On the Mexican Border
Having been part of the same country for many years, South Texas and Mexico just across the border share some of the same dishes or variations thereof. South Texas cuisine is often called Tex Mex.
Tex Mex cuisine is a mix of multiple cultures, beginning in Mexico with the influence of Mayan and Aztec Nations. This included avocados, tomatoes, papayas, vanilla bean, cocoa, vegetable beans, and many local peppers. After the Spanish arrived, they added beef, mutton, chicken, wheat, rice, nuts, oils, cinnamon, and other ingredients that they brought to the New World. From there, cattle-drive and pioneer cooks, Native Americans, and Missionary nuns added their own variations and Tex Mex spread along the Rio Grande River Valley where it is popular today. New Mexico grows abundant amounts of peppers for these recipes.
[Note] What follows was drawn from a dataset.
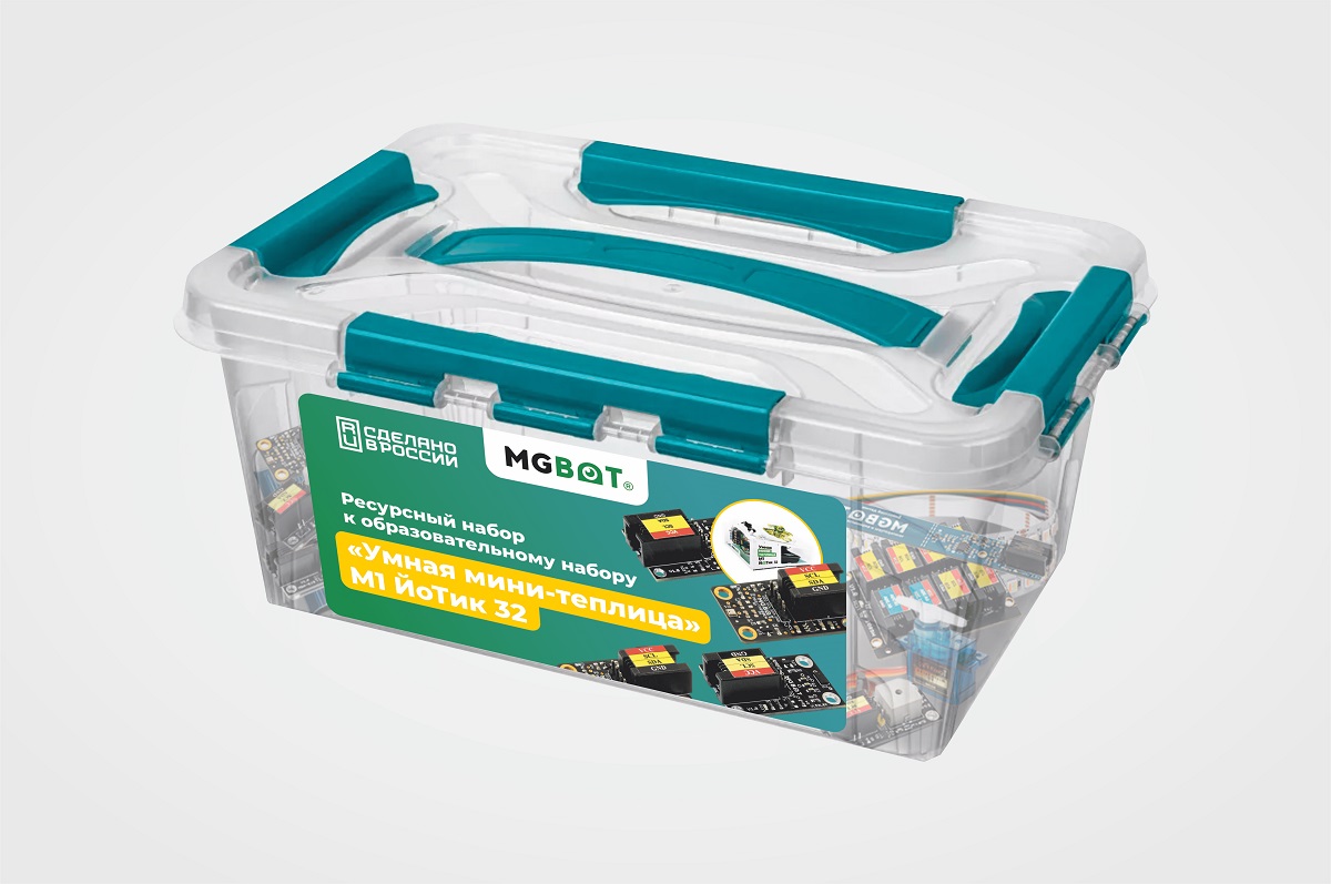 Ресурсный набор для образовательного набора «Умная мини-теплица» М1 ЙоТик 32 предназначен для тех, кто хочет углубленно освоить полный цикл технологии умного выращивания растений. Данный комплект помогает пройти путь от простого знакомства с возможностями умной теплицы до полноценной разработки собственной системы мониторинга и автоматического управления микроклиматом роста растений.

South Texas and the Rio Grande Basin
Texas Border Crossings and Dining
Baking Camp Bread
- 5 Pounds of all-purpose flour (one 5-pound bag)
- 1 Pound of butter
- ¼ Cup salt and 1/4 Cup baking powder
- Spring water, as needed
- Vegetable oil.
- Preheat a Dutch oven over hot coals.
- Mix all the ingredients except the vegetable oil in a large bowl, but add only enough water form a dough ball. Don’t allow it to become too sticky.
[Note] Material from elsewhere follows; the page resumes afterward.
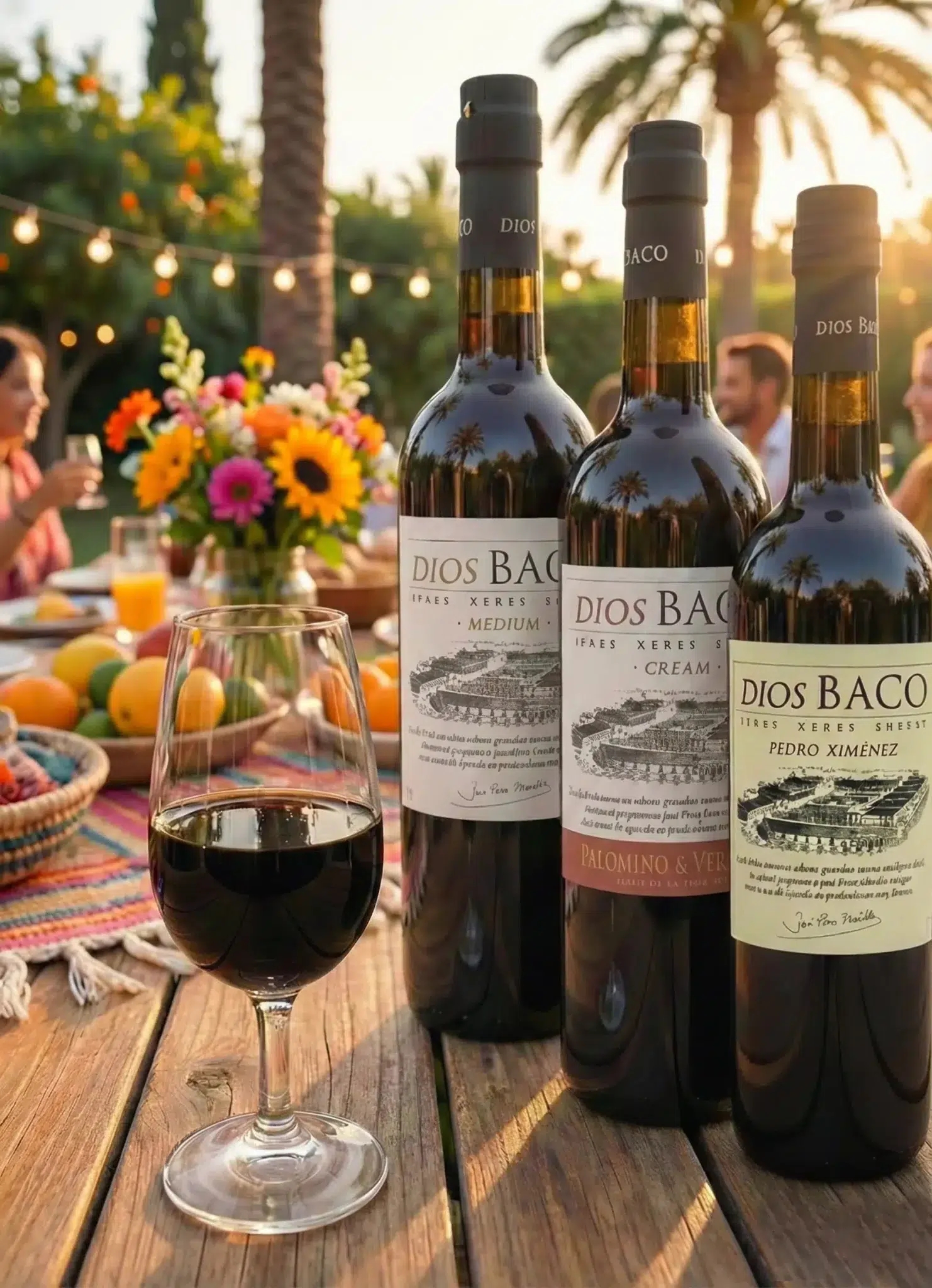 - Dios Baco Cream: La armonía líquida. Un vino generoso de licor obtenido mediante la mezcla de Oloroso y Pedro Ximénez. Es aterciopelado, con recuerdos a nueces y pasas. Perfecto para disfrutar con hielo y una rodaja de naranja o acompañando frutas ácidas.

- Knead the dough several times and pat it into flat cakes about 1/2 inch thick to cover the bottom of the Dutch oven.
- Spread oil all over the inside of the Dutch oven with a brush.
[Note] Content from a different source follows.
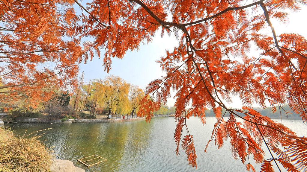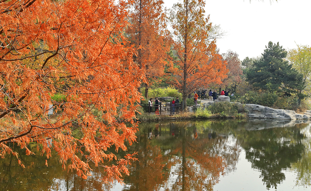 In the Cherry Vale of Beijing Botanical Garden, there are more than 180 dawn redwood trees. In the autumn, their golden dazzling leaves exude their charms in bright sunshine, drawing many local residents to enjoy the sight while wandering along a rustic plank road.
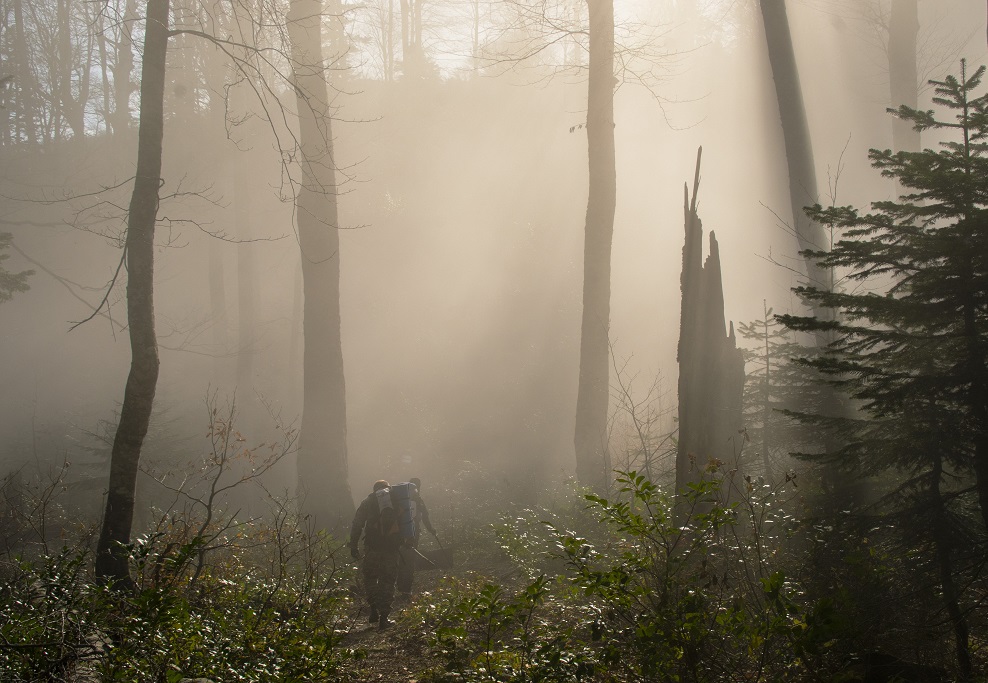 Облачность довольно частое явление в этих местах, дымка настолько густая, что посмотрев вперед едва ли можно разглядеть что то перед собой в нескольких метрах. В такой момент очень легко сбиться с пути, несмотря на то, что идешь по гребню. Но если вдруг случится так, что облака вдруг уйдут в стороны и на мгновенье образуют маленькое окно, словно приоткрывая завесу тайны гор, то потрясающего воображение вида не избежать.

Place the bread into the Dutch oven and cover with the lid. Cover the lid with hot coals.
- Cook camp bread until done and golden brown - 20 to 30 minutes, depending on heat of coals.
Garlic and Peppers
Texan Sweet Onion Rings
- 2 Large Texas sweet onions
- 2 Cups buttermilk
- 1 Cup white cornmeal
- 1 Cup seasoned bread crumbs
- ½ tsp salt
- ½ tsp garlic salt
- ¼ tsp chili powder
- Oil for frying
- Grated Parmesan cheese
- Slice the onions 1/4-inch thick and separate into rings.
- Pour buttermilk into a large bowl and put all the onion rings in to soak for half an hour.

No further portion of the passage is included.